To bring out the emotional tsunami that leads to the flood of action, the film's trope is about two good upright cops, Shan, who's got a baby on the way and Ngo (Nicholas Tse), who does vicious things with knives and blindly obeys his superiors. When Shan refuses to be a bought cop and Ngo screws up a kidnapping case, their worlds and friendship dissolve into torment, killing and tortuous attacks on each other.
Since Ip Man 4, especially with RF, Yen's does more thrashing and bashing fights that involve colliding against walls and crashing through floors, doors, glass and walls. Yet there's no particular style of camera choreo instead it constantly evolves. It's a 1971 throwback style of rock 'em-sock 'em and smash 'em-crash 'em fight choreo perhaps slightly influenced by American bar fights yet Yen's are spryly more energetic.
It's ironic that Yen did this because when his hero Bruce Lee was invited by Sir Run Run Shaw to visit Shaw's studio to observe the first film using this choreo style, The Anonymous Heroes (1971), Lee was not impressed and said to Shaw, "Is that all you have got?" I wonder if by the way Yen did it today that Lee might give him a thumbs up.

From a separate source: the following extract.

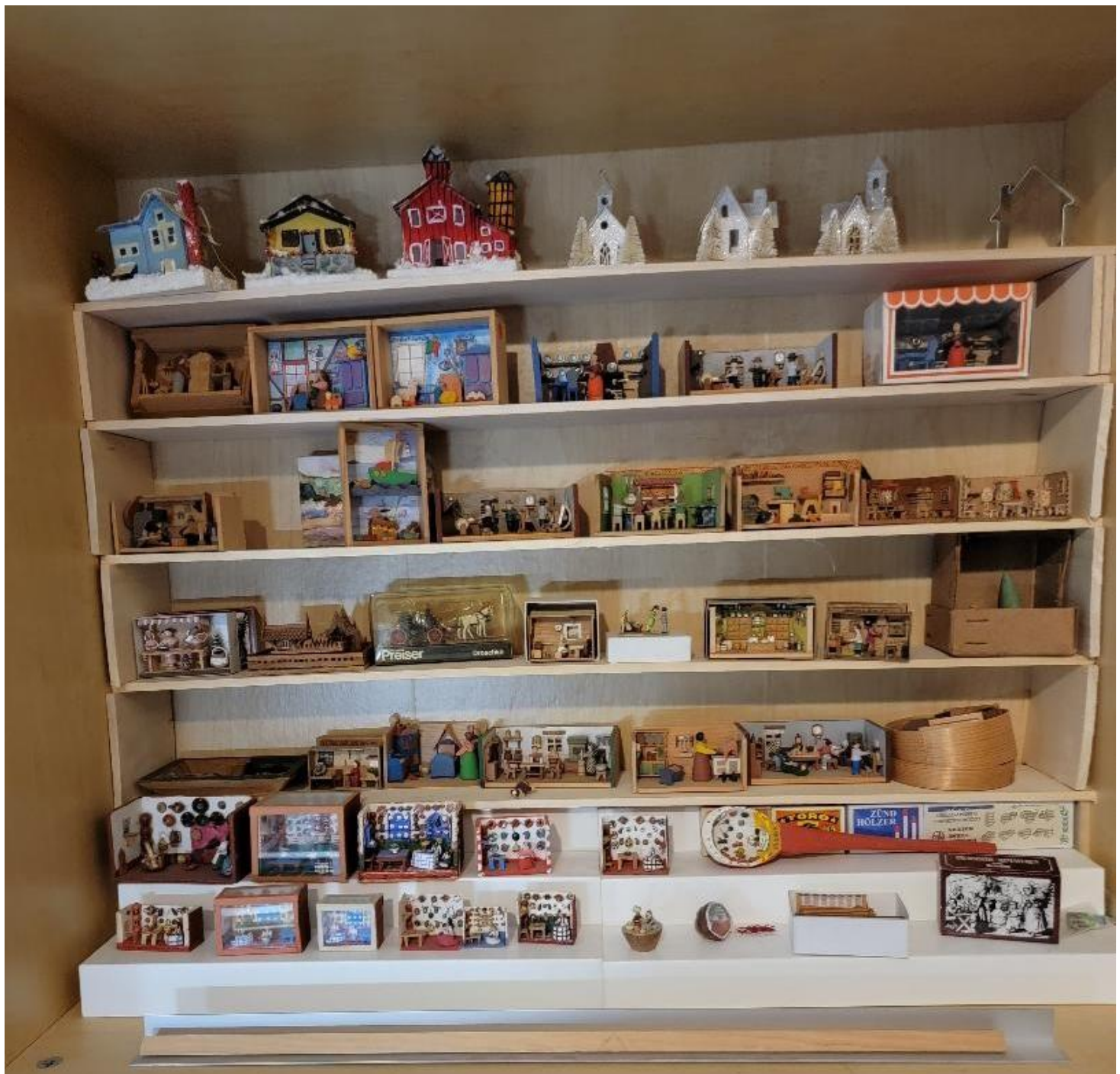
Purchased items from Germany and Mexico.

After an elongated, broad daylight gun and grenade fight on a busy street, Ngo and Shan break into a steeple chase down back streets jumping over objects and end up smashing through a huge stained glass window into church undergoing steeple renovations and that's when they stop horsing around and the church became a cross-fit site.
Ngo gleefully evilly whips out two balisong knives and savagely attacks Shan with twice as much slicing and dicing slashes than a master chef in a Hong Kong restaurant; he's become a human vegematic. Shan counters with gobs of generic overly used in most MMA style films takedown and grappling skills yet the camera choreo make these simple skills look complicated, exciting and entertaining to watch.
Then just as the rage of Ngo's knife attacks overwhelm Shan…
…SNAP! Shan whips out a concealed telescoping steel baton, the weapon he bedevilly used against the knife-toting Wu Jing from S.P.L. (2005) 15 years ago. Now he's up against two knives and this time, it's personal but not shot within the limitations of an alley, yet amid the wide expanse of a church, where the fight choreo and camera work panoramically broadens the horizon of the fight's visuals and sensibility. He also repeats that subtle glaring nod in honor of Lee.
Though the skills are delivered with rapid fire hysteria, the camera angles clearly show the singing steel madness of the weapons' connecting schwings and schtings. Bottom line, the movements are more chaotically clear and as fast as his S.P.L. version, which simply shows that even though Yen is almost 60, he's still got it.
So how did Chad Stahelski's Wick films in combo with Chan's Raging Fire share an unwitting grievous moment with Black Panther (BP)? Unbeknownst to many, BP's Chadwick Boseman and RF's Chan were struggling with life threatening cancer while shooting their respective films. We now know that neither of these fine champions of humanity complained about their suffering and sadly, they both succumbed to cancer.
In a respectful spiritual way, BP's fight choreographer Clayton Barber, Chad's Wick choreography style, and Yen's fighting MO are all cut from the same fight choreo cloth. I'm honored to share that I've worked with all three of these dynamic martial artists.